Please set down the data word for word; images do not go in the copy.
------ Supplied material
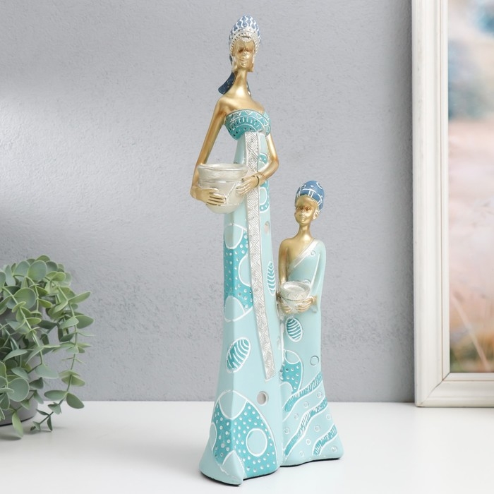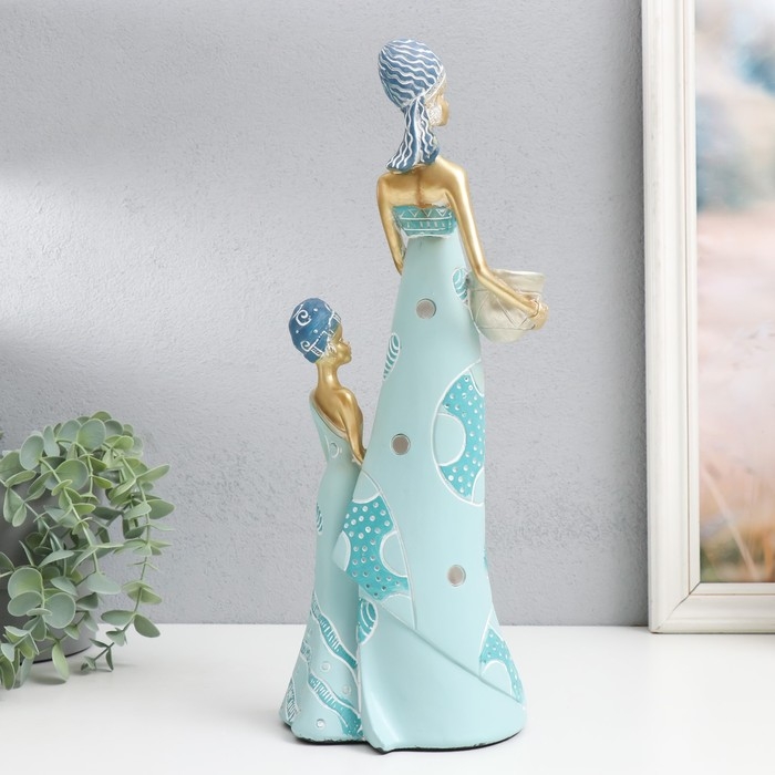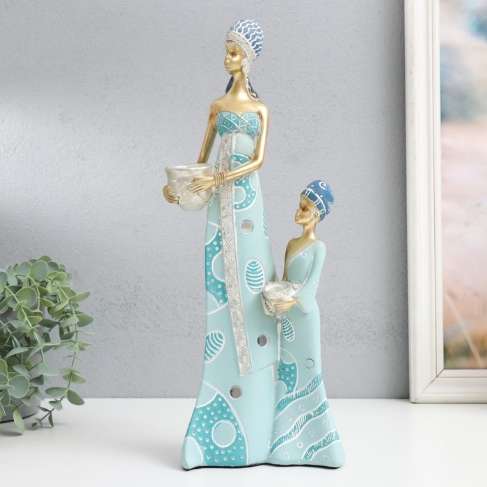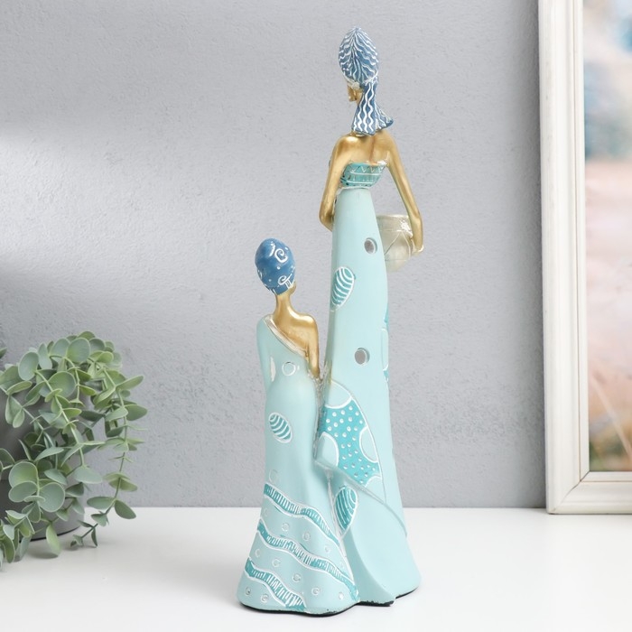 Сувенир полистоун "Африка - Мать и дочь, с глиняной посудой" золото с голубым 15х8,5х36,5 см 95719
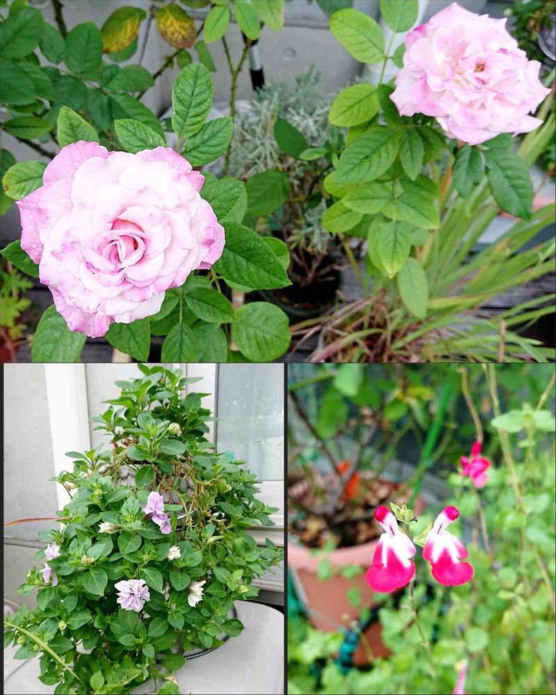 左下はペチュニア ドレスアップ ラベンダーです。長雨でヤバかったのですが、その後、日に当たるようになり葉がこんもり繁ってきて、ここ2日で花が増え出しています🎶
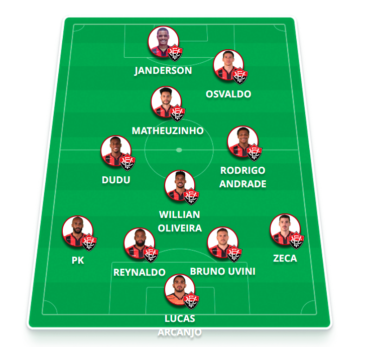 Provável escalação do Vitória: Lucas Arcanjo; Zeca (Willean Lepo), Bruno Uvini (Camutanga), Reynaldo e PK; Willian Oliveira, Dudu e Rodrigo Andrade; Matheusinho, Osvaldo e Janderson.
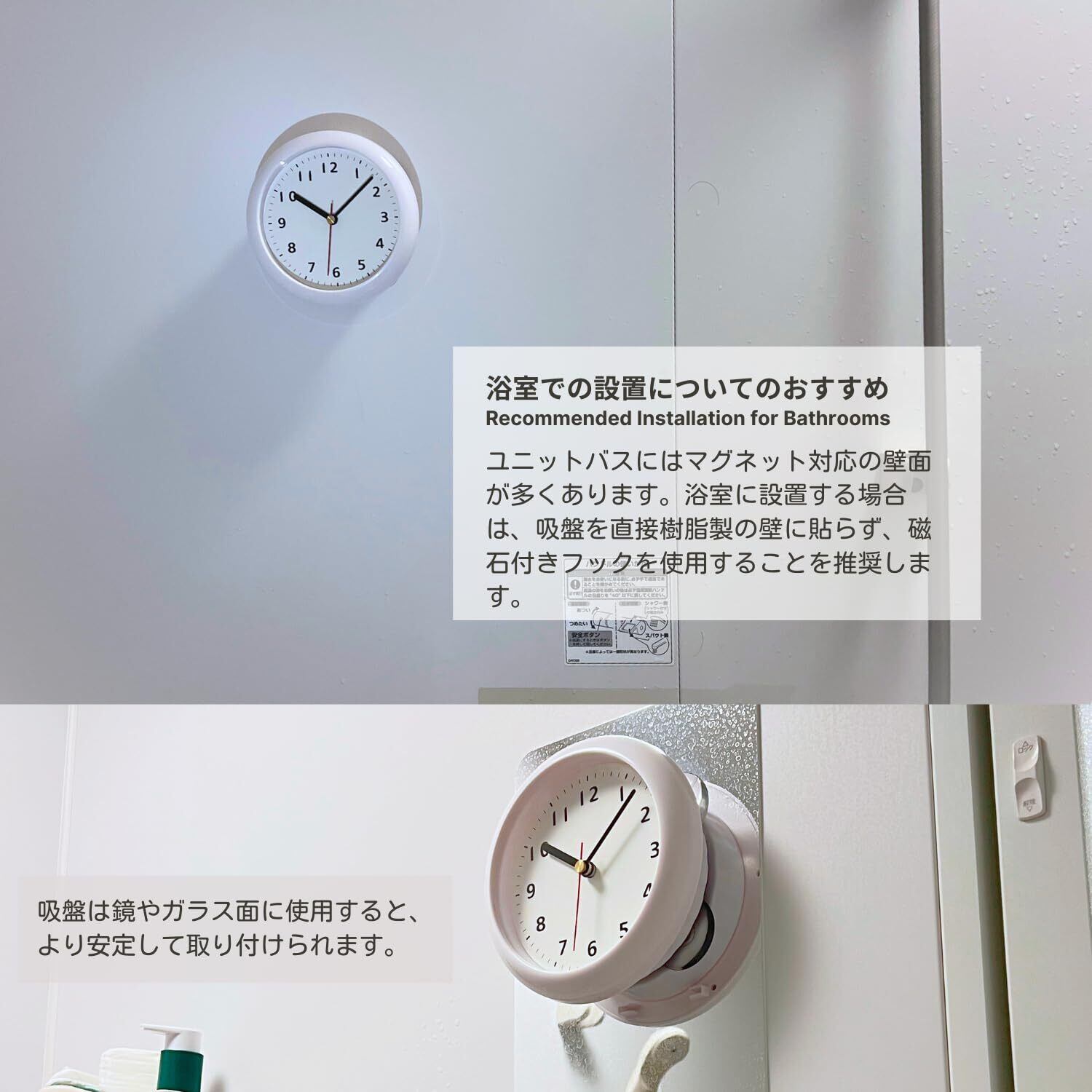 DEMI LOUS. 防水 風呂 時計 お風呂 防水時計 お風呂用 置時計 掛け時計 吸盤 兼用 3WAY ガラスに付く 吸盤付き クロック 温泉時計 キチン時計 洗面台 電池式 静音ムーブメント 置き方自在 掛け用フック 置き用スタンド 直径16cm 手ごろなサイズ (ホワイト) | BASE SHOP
------------
## Written solution
 Сувенир полистоун "Африка - Мать и дочь, с глиняной посудой" золото с голубым 15х8,5х36,5 см 95719
 左下はペチュニア ドレスアップ ラベンダーです。長雨でヤバかったのですが、その後、日に当たるようになり葉がこんもり繁ってきて、ここ2日で花が増え出しています🎶
 Provável escalação do Vitória: Lucas Arcanjo; Zeca (Willean Lepo), Bruno Uvini (Camutanga), Reynaldo e PK; Willian Oliveira, Dudu e Rodrigo Andrade; Matheusinho, Osvaldo e Janderson.
 DEMI LOUS. 防水 風呂 時計 お風呂 防水時計 お風呂用 置時計 掛け時計 吸盤 兼用 3WAY ガラスに付く 吸盤付き クロック 温泉時計 キチン時計 洗面台 電池式 静音ムーブメント 置き方自在 掛け用フック 置き用スタンド 直径16cm 手ごろなサイズ (ホワイト) | BASE SHOP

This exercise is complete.